Provided entries:
--------------------
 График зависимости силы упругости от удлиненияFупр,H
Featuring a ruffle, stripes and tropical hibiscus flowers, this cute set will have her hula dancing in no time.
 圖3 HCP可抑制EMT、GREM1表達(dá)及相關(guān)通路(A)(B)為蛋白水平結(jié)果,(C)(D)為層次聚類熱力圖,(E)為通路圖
--------------------
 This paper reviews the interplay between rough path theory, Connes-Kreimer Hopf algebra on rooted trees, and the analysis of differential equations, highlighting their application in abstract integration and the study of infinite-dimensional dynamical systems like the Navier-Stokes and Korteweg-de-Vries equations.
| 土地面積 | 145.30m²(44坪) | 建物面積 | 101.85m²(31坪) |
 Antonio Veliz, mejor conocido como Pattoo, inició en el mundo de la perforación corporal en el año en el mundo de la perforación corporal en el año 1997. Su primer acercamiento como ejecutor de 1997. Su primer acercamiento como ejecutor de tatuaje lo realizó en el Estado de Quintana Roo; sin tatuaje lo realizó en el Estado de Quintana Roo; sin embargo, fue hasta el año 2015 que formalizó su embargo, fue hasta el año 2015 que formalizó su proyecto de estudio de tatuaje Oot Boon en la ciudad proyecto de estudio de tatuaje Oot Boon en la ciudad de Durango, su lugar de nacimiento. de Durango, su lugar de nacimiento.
--------------------
What the task requires: Taking the entries above, restate exactly those lines that fall between the line with "建物面積 | 101.85m²(31坪) |" and the line with "Antonio Veliz, mejor", keeping both of those lines too.

Your solution:
| 土地面積 | 145.30m²(44坪) | 建物面積 | 101.85m²(31坪) |
 Antonio Veliz, mejor conocido como Pattoo, inició en el mundo de la perforación corporal en el año en el mundo de la perforación corporal en el año 1997. Su primer acercamiento como ejecutor de 1997. Su primer acercamiento como ejecutor de tatuaje lo realizó en el Estado de Quintana Roo; sin tatuaje lo realizó en el Estado de Quintana Roo; sin embargo, fue hasta el año 2015 que formalizó su embargo, fue hasta el año 2015 que formalizó su proyecto de estudio de tatuaje Oot Boon en la ciudad proyecto de estudio de tatuaje Oot Boon en la ciudad de Durango, su lugar de nacimiento. de Durango, su lugar de nacimiento.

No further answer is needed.